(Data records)

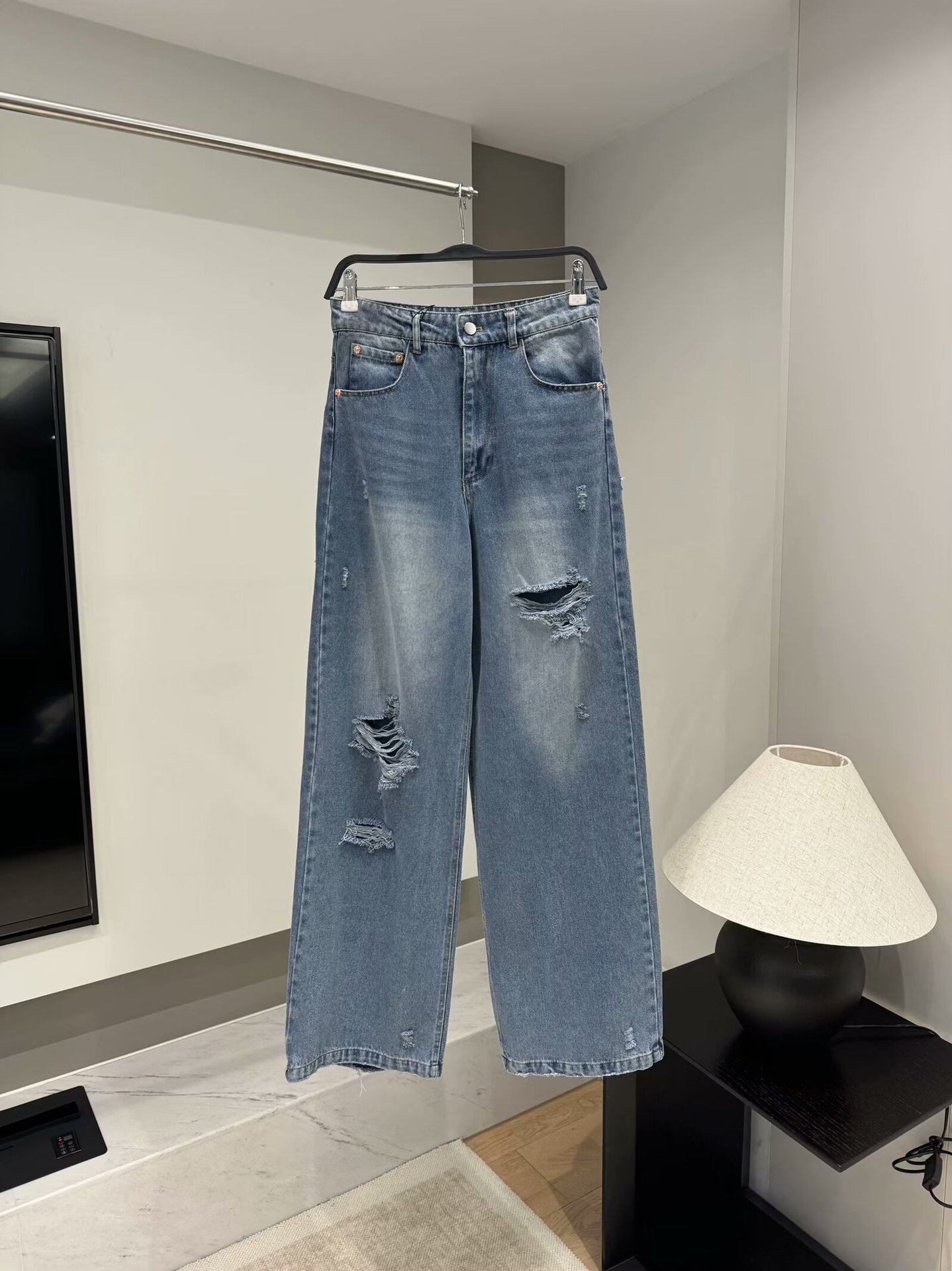 UC & ZA 국경 간 AliExpress 여성복 유럽과 미국 스타일 높은 허리 캐주얼 찢어진 면 느슨한 청바지 8197021스토어 가기
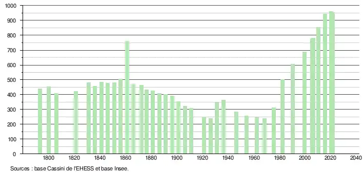 L'évolution du nombre d'habitants est connue à travers les recensements de la population effectués dans la commune depuis 1793. Pour les communes de moins de 10 000 habitants, une enquête de recensement portant sur toute la population est réalisée tous les cinq ans, les populations légales des années intermédiaires étant quant à elles estimées par interpolation ou extrapolation[29]. Pour la commune, le premier recensement exhaustif entrant dans le cadre du nouveau dispositif a été réalisé en 2005[30].
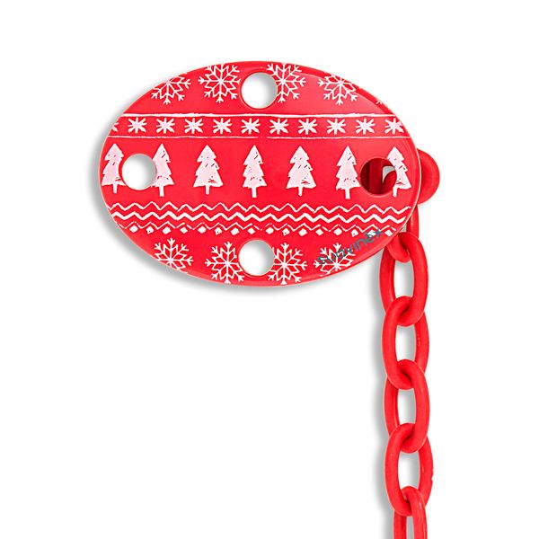 Oválny klip s veselými obrázkami a retiazkou, ku ktorému pohodlne pripnete cumlík. Klip umožňuje upevniť cumlík na oblečenie dieťaťa a predchádza prípadnému upadnutie cumlíka na nečistú zem alebo jeho strate.
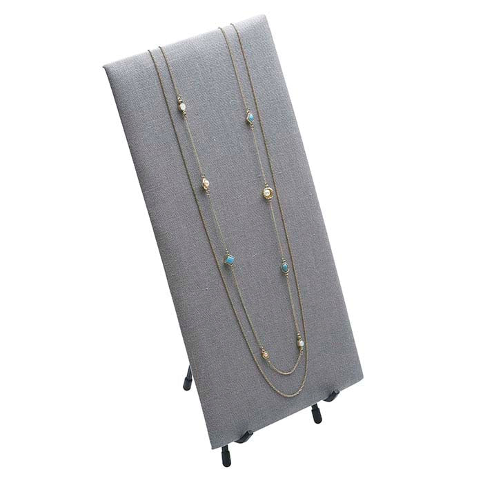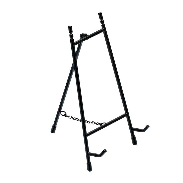 Dette velutformede svarte metallstaffeliet er en perfekt måte å vise frem en fullstørrelse smykkepad (ikke inkludert) som et miniatyrkunstverk. Staffelier viser smykker i en attraktiv, lett synlig vinkel med den ekstra fordelen at det kan foldes flatt for sikker, plassbesparende oppbevaring og transport. Beskyttende føtter på staffeliets ben forhindrer riper eller merker på utstillings- eller benkeoverflater; det leddede bakbenet er festet med en svart metallkjede i matchende farge.
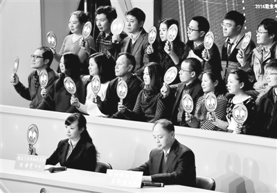 2015年1月7日晚8时,湖北武汉,电视问政第二场继续关注纠正和治理基层干部作风问题,6个新城区和武汉经济技术开发区、武汉化工区区委书记将走上问政台。图为:现场嘉宾对承诺人的发言举“哭脸”牌。东方IC/供图
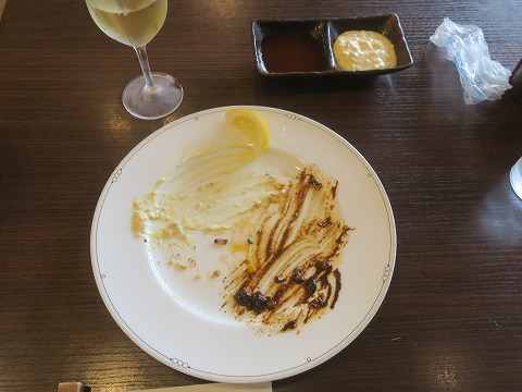 18:15 ペロッと ペロッと食べちゃいました。(笑) 美味しかったね。 で、右上のソースが入った小皿はなに? いつの間にか、グラス ワインもお代わりして”白”になってるし・・・・。 (^_^;) |
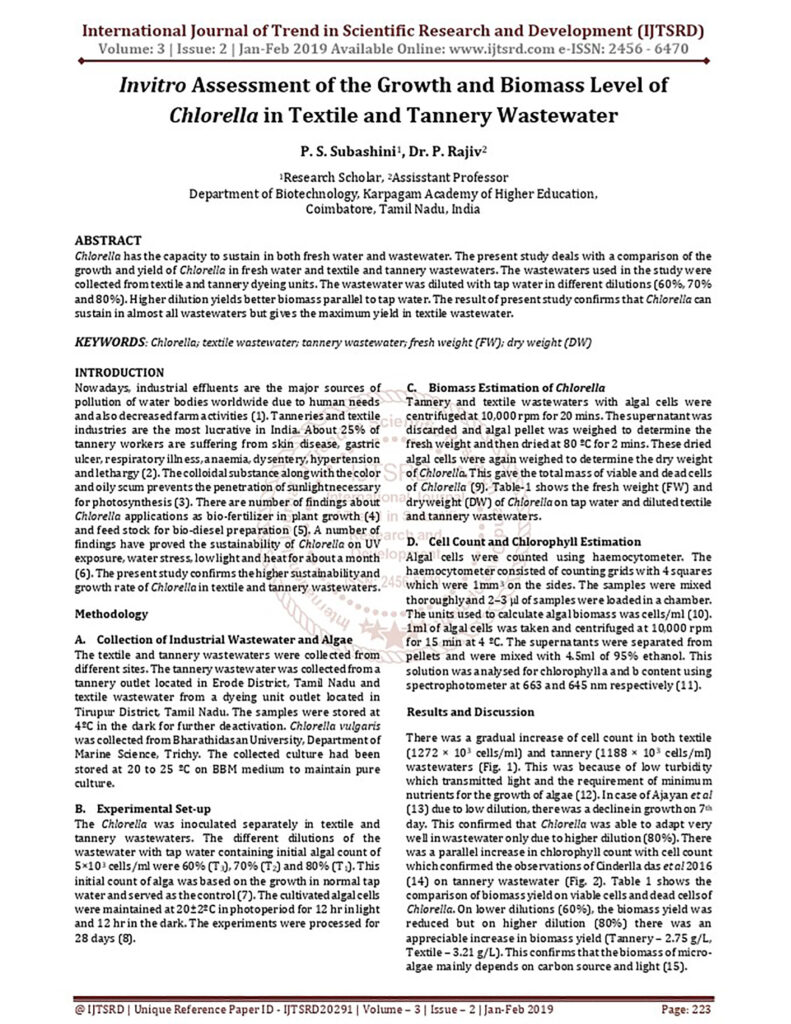 Invitro Assessment Of The Growth And Biomass Level Of Chlorella In Textile And Tannery Wastewater
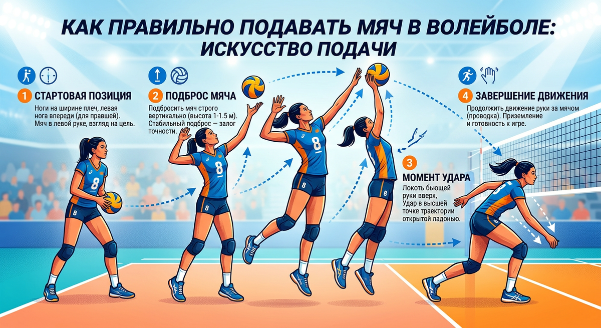 В волейболе существует несколько видов подач, которые различаются техникой выполнения, сложностью и тактической целью. Их можно разделить на две основные категории: нижняя и верхняя. Нижняя подача
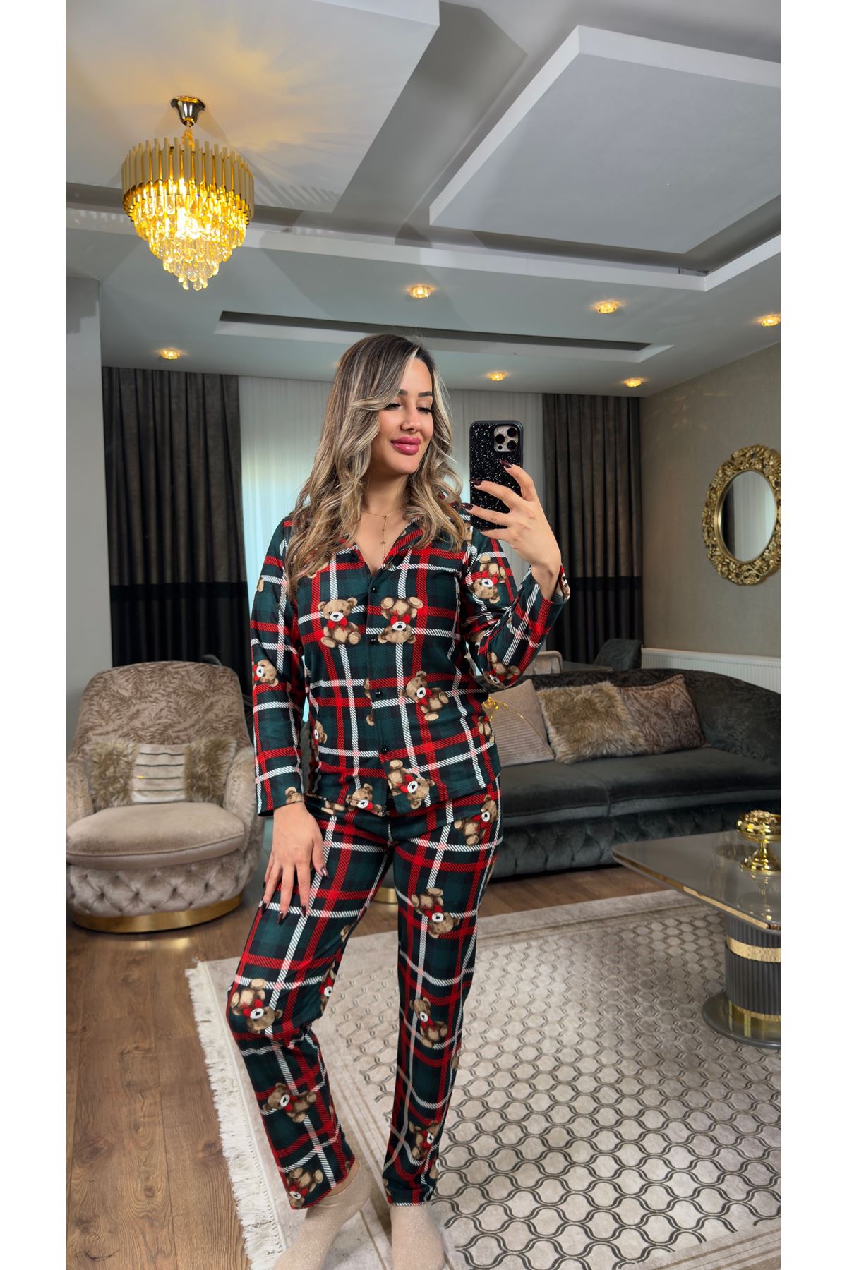 kareli ayıcık desen düğmeli süet pijama takımı-yeşil
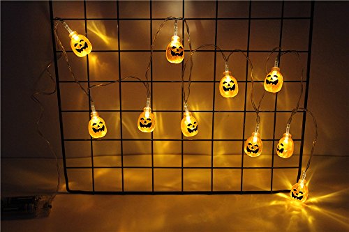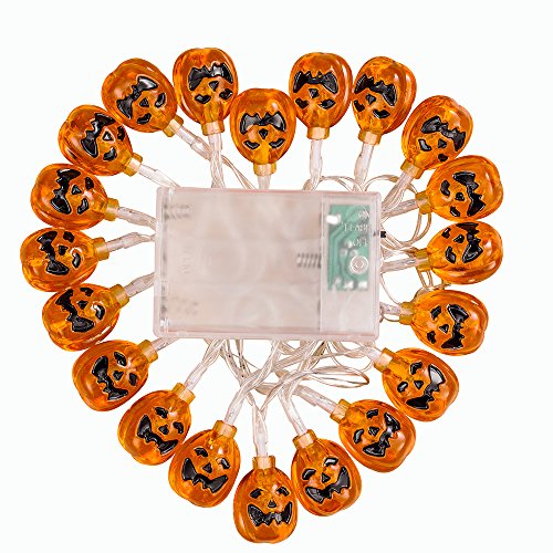 - String lights of 20 pumpkins on an well made cord. Battery Powered, ON/OFF switch, quite easy to use
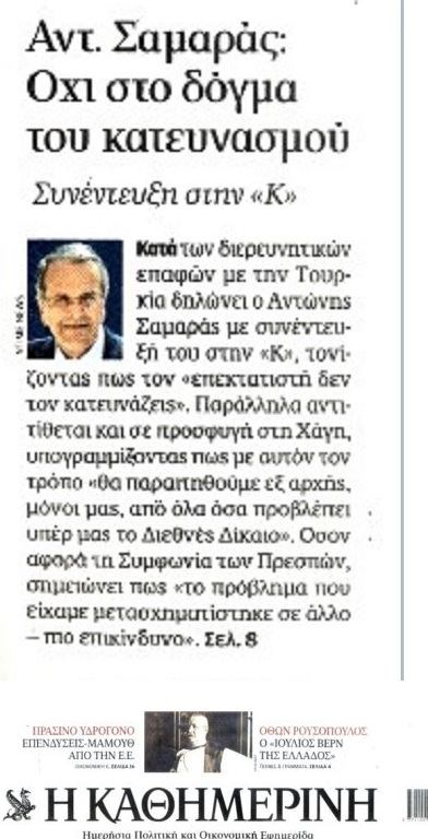 Ο Αντώνης Σαμαράς σε συνέντευξη που παραχώρησε στην “Καθημερινή της Κυριακής”, ξεκαθάρισε ότι είναι κατά των διερευνητικών επαφών με την Τουρκία, ενώ αντιτίθεται και στο ενδεχόμενο προσφυγής στη Χάγη. “Με πειρατές δεν κάνεις διάλογο”, υπογραμμίζει μεταξύ άλλων ο πρώην πρωθυπουργός.

* About this task: Return only the part above that opens with the line containing "18:15 ペロッと ペロッと食べちゃいました。(笑)" and closes with the line containing "В волейболе существует", exactly and with both ends, skipping the pictures.

* Response box:
 18:15 ペロッと ペロッと食べちゃいました。(笑) 美味しかったね。 で、右上のソースが入った小皿はなに? いつの間にか、グラス ワインもお代わりして”白”になってるし・・・・。 (^_^;) |
 Invitro Assessment Of The Growth And Biomass Level Of Chlorella In Textile And Tannery Wastewater
 В волейболе существует несколько видов подач, которые различаются техникой выполнения, сложностью и тактической целью. Их можно разделить на две основные категории: нижняя и верхняя. Нижняя подача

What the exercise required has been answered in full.